(Don’t) talk dirty to me

A 2005 video of Donald Trump making lewd and aggressive comments regarding women surfaced on Friday, October 7. In response to the video Trump released a statement calling the comments “locker room banter.” Two days later in the Presidential debate Trump would refer to his comments as “locker room talk” on three occasions.

The unwritten rule of locker room talk is that it stays in the locker room. Traditionally, though, this is in regards to the inner workings and drama of the team. Conflict amongst teammates, coaching staff and management is meant to stay in-house and out of the public eye.

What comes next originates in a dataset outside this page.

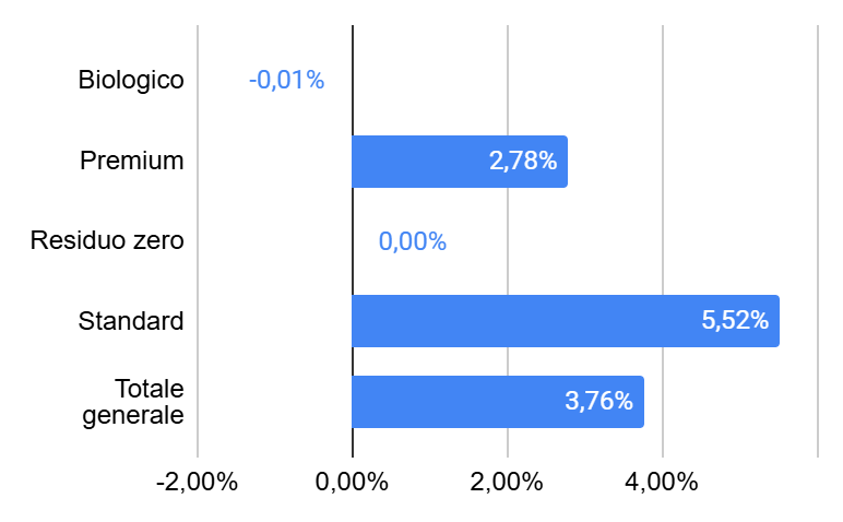 L'assortimento del paniere di questa settimana conta 50 referenze in 14 insegne globali della GDO, con una media di 3,6 referenze per insegna. La settimana precedente erano state rilevate 52 referenze in 14 insegne (media 3,7 referenze per insegna). Il numero complessivo di referenze è quindi diminuito del 4% rispetto alla settimana precedente.
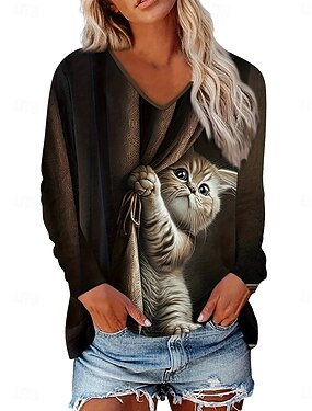 Damen T Shirt Druck Grafik Tiermotiv 3D Vintage Stilvoll Klassisch Langarm V Ausschnitt Normale Oberteile Täglich Braun Herbst Winter

Pierce College Athletic Director Bob Lofrano has been around sports most of his life, both playing and coaching baseball at Pierce. Lofrano sees Trump’s categorization of his comments as locker room talk as “a slap in the face to athletes all over the world.”

“Athletes are the ones in locker rooms, that’s their home away from home,” Lofrano said. “That’s pretty tough language to hear and then say that’s just locker room talk. I haven’t been in a locker room where I heard talk like that. Not to say it doesn’t happen, but on a personal level I don’t think it’s something that’s in locker rooms. Every [male] athlete usually has a girlfriend, a wife, sister, mother.”

Men’s basketball coach Charles White agrees with Lofrano in regards to not hearing talk like that.

“I don’t know what kind of locker room talk Trump was talking about,” White said. “In our locker room we talk about basketball. We talk history. Kobe Bryant, Dr. J., sports icons, that’s what we talk about. Every once in awhile we might throw some girls in there, but its sports mostly.”

The negative connotation around locker room talk generally resides in the male locker room. Women’s soccer coach Adolfo Perez sees the difference in the style of talk in the women’s locker room.

“Their talk is a lot different,” Perez said. “What’s going on, social media, the newest trends. That’s their locker room talk.”